Every signal in the HDL implementation has a label, though many of them are inferred. The ISA-visible security tags of registers and memory locations and  $\ell_{cur}$  that have already been described in Section 4 also represent type-level information-flow labels in ChiselFlow. The remaining type-level labels that protect other signals in the implementation must be consistent with the ISA-visible labels.

HDLs for information flow control prevent information flow violations through explicit changes in data values such as the storage of a value in a register or memory location, and through the timing of events such as the assertion of a valid or ready signal. In the remaining discussion in this section, we coarsely separate labels in the HDL syntax into *data labels* that protect values, and *timing labels* that protect the timing of events. Examples of data labels include register labels and bypass value labels. The valid bits of data cache entries have timing labels. We also note that this is a coarse characterization; timing flows cannot be cleanly separated from other kinds of information flows in hardware. For example, the values of the data operands of a conventional multiplier influence the time that multiplication takes.

#### 6.3 Labels in the core and label bypassing

In the processing core, the security label of the current process  $(\ell_{cur})$  is stored in a new control status register. The confidentiality and integrity components,  $C(\ell_{r_i})$  and  $I(\ell_{r_i})$ , of general purpose registers  $r_i$  are stored in register banks adjacent to the registers.
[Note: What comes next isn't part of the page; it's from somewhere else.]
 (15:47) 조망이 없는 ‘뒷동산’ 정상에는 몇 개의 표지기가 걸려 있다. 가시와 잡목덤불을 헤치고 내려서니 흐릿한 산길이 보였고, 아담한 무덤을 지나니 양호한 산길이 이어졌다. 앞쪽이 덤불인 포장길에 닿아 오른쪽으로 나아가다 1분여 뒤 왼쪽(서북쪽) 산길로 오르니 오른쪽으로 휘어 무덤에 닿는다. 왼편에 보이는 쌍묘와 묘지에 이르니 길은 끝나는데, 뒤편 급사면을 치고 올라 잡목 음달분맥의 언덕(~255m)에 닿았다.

These label registers can be modified only by the DECLREG and ENDOREG instructions, which are guarded by logic that checks the nonmalleability conditions, and the RSTLREG instruction, which can only set the label of a register to  $\ell_{cur}$ .
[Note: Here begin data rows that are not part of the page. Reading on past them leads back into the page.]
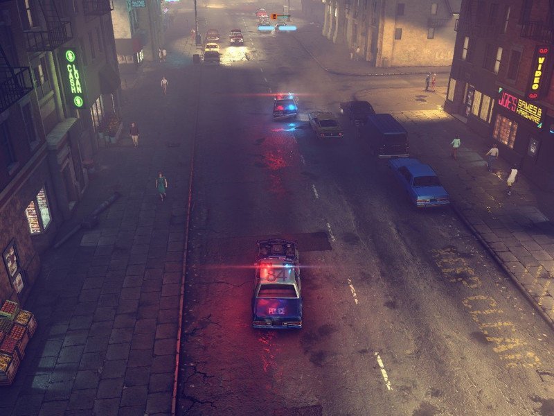 Sur le plan artistique, la vue isométrique de haut en bas (qui peut être légèrement inclinée) transforme Averno City en un décor de cinéma miniature, où chaque rue, ruelle et lampadaire semblent sortir directement d'une cassette VHS oubliée. Les lumières douces, la pluie constante et les enseignes au néon créent un décor noir évocateur, capable d'évoquer des atmosphères à la Blade Runner, tout en gardant les pieds fermement ancrés dans l'esthétique des années 80. La ville n'est pas gigantesque, mais elle est dense et bien construite. Chaque quartier a sa propre identité : du centre-ville rempli de gratte-ciels et de circulation, aux banlieues désertes et dangereuses , en passant par les zones industrielles et les zones portuaires. Avernus n’est pas seulement un décor : il est vivant, rempli de PNJ avec des routines dynamiques, de criminels en interaction et d’un centre d’opérations qui réagit à chacune de nos interventions. Techniquement, le jeu présente quelques problèmes, notamment des bugs, des problèmes techniques et des ralentissements pendant les poursuites. Bien qu'un patch de pré-lancement ait corrigé certains problèmes, des problèmes de collision et de fluidité générale persistent.
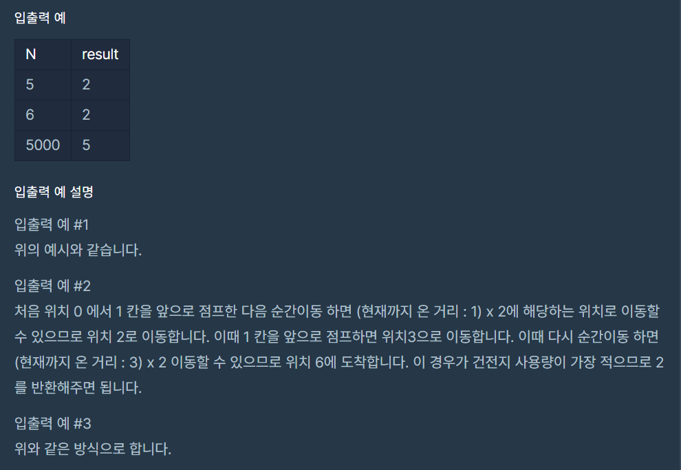 해당 문제를 풀 때 어떻게 하면 건전지를 최소로 사용할 수 있을지 생각하면서 순간 이동을 많이 사용해야겠다는 생각을 했다. 1부터 각 경우마다 최소 건전지 사용 횟수를 계산해 보다가 6에서 입출력 예 설명을 보니 6은 1로 점프 후, 2로 순간 이동, 다시 3으로 점프, 6으로 순간 이동한 결과를 확인하게 되었다. 하여 무조건 먼저 순간 이동으로 최대로 이동을 하면 안 되겠다는 생각이 들었다.
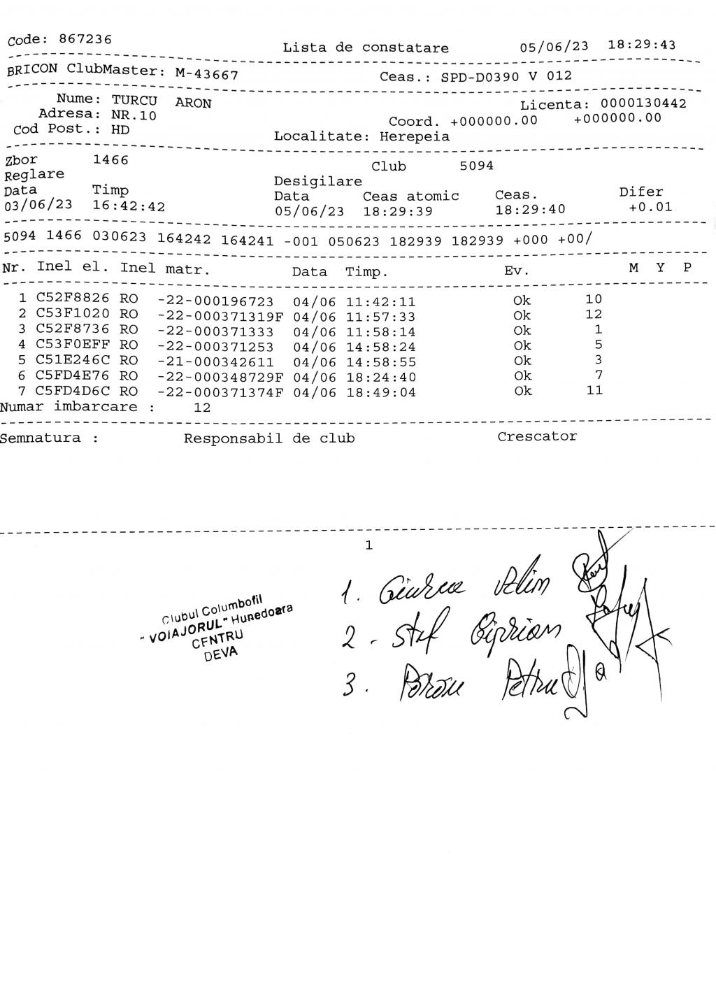 | 133 | Renghea Florin | HD912 | TOP | Simeria |
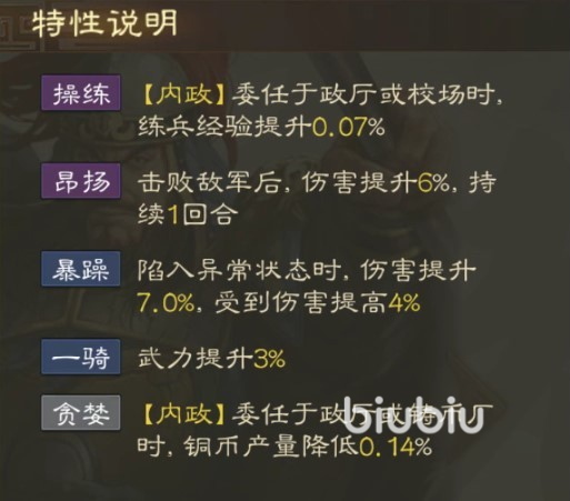 特性方面曹洪的特性武力,伤害大幅提升,持续一回合;处于异常状态时,伤害提升受到伤害也会提升;委任方面在政厅或铸币厂,铜币产量降低,可以说很贴近曹洪贪金的秉性了。
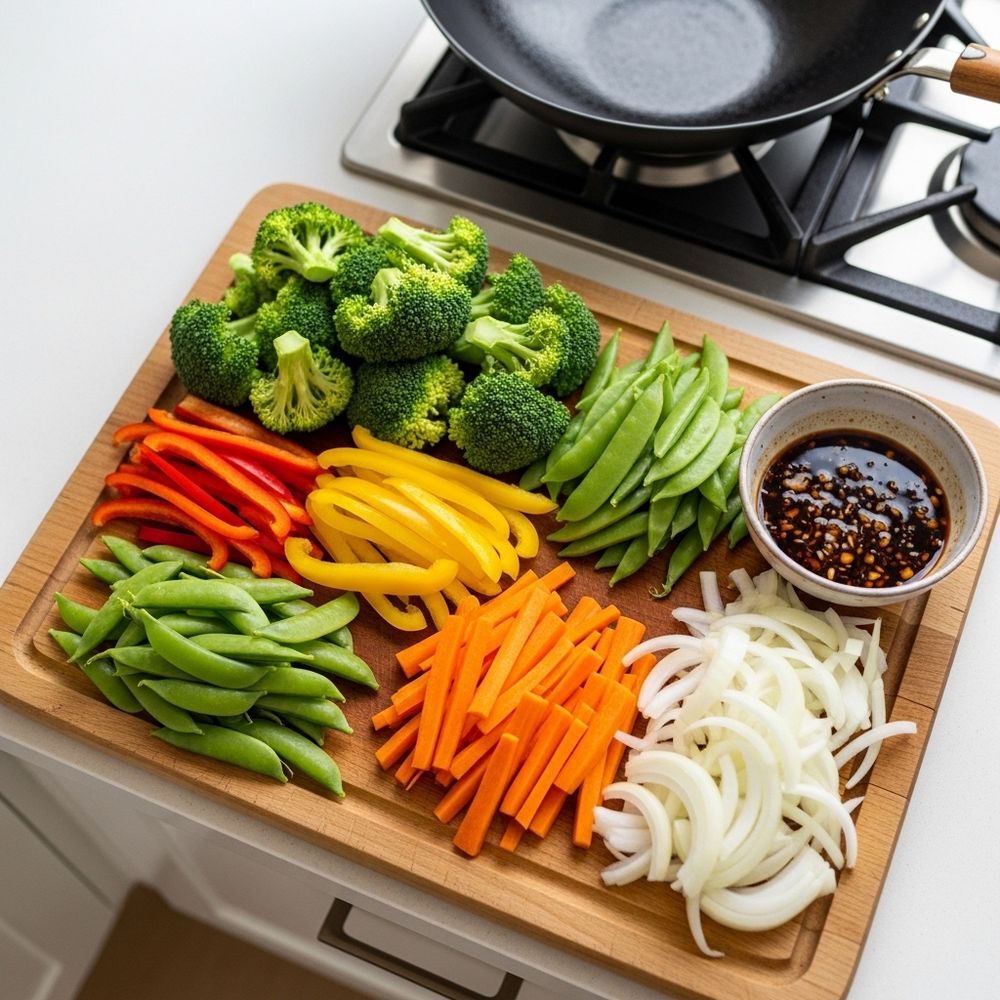 Keep all vegetables and sauce ready before you start cooking; stir-frying moves quickly and is easiest when everything is prepped and within reach.

The HyperFlow core supports data bypassing. To function correctly, the security labels must be bypassed with the data. For immediate values, the bypassed label is  $\ell_{cur}$ . For a value from a register or the data cache, its label travels with the bypassed data. The bypassed labels are themselves labeled with  $\ell_{cur}$  because they might be stalled or updated by the current process.

## 6.4 Memory protection and labels

In our prototype, the memory page labels  $\mathcal{M}_{\ell}(m)$  are stored in an on-chip table that maps page numbers to labels. The current security label  $\ell_{cur}$  is attached to each memory transaction so that information flow and downgrading can be checked in the memory system. When returning data from the memory, the label of the page being read is fetched from the table and appended to the memory response transaction. The label of the accessed data is used to enforce the invariants pertaining to load instructions. Write transactions that modify data in memory are similarly appended with a label that protects the data being stored. The label of this data payload is generated from the processing core initiating the request. The label of the data in a write transaction is compared against the label of the destination page, which is stored in the memory label table. Write transactions that would cause information flow violations are dropped. Initially, every page is mapped to the most public and trusted label  $C(\bot) \land I(\top)$ , but the SETMEM, DECLMEM, and ENDOMEM instructions can modify the mapping.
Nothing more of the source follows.